Jason Roberts began development of a card game inspired by interactive comics in his spare time while working full-time, but later decided the style was too complex. Roberts considered writing a graphic novel, but following the success of indie games such as Braid, he realised he could combine his love of art and interactive video games, despite knowing very little about how to develop them. Development on the game began in 2011, with Roberts quitting his full-time job to focus on the game. Originally planned for release in 2013, Roberts ran out of money two years after starting development.

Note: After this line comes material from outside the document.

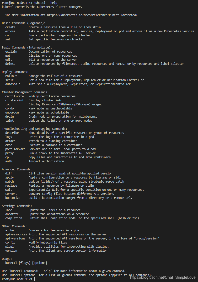 查看更多命令信息 Find more information at: https://kubernetes.io/docs/reference/kubectl/overview/

He was able to fund his work for another year through investment from Indie Fund, and in December 2016 Annapurna Pictures announced that it would begin publishing games as Annapurna Interactive, with Gorogoa being one of its first published games.

Roberts adopted the title Gorogoa from a name he invented for an imaginary creature in his youth. He chose it for the game because it was not part of any existing language, wanting the game to be accessible to anyone, regardless of language, and therefore also choosing not to add any to the game.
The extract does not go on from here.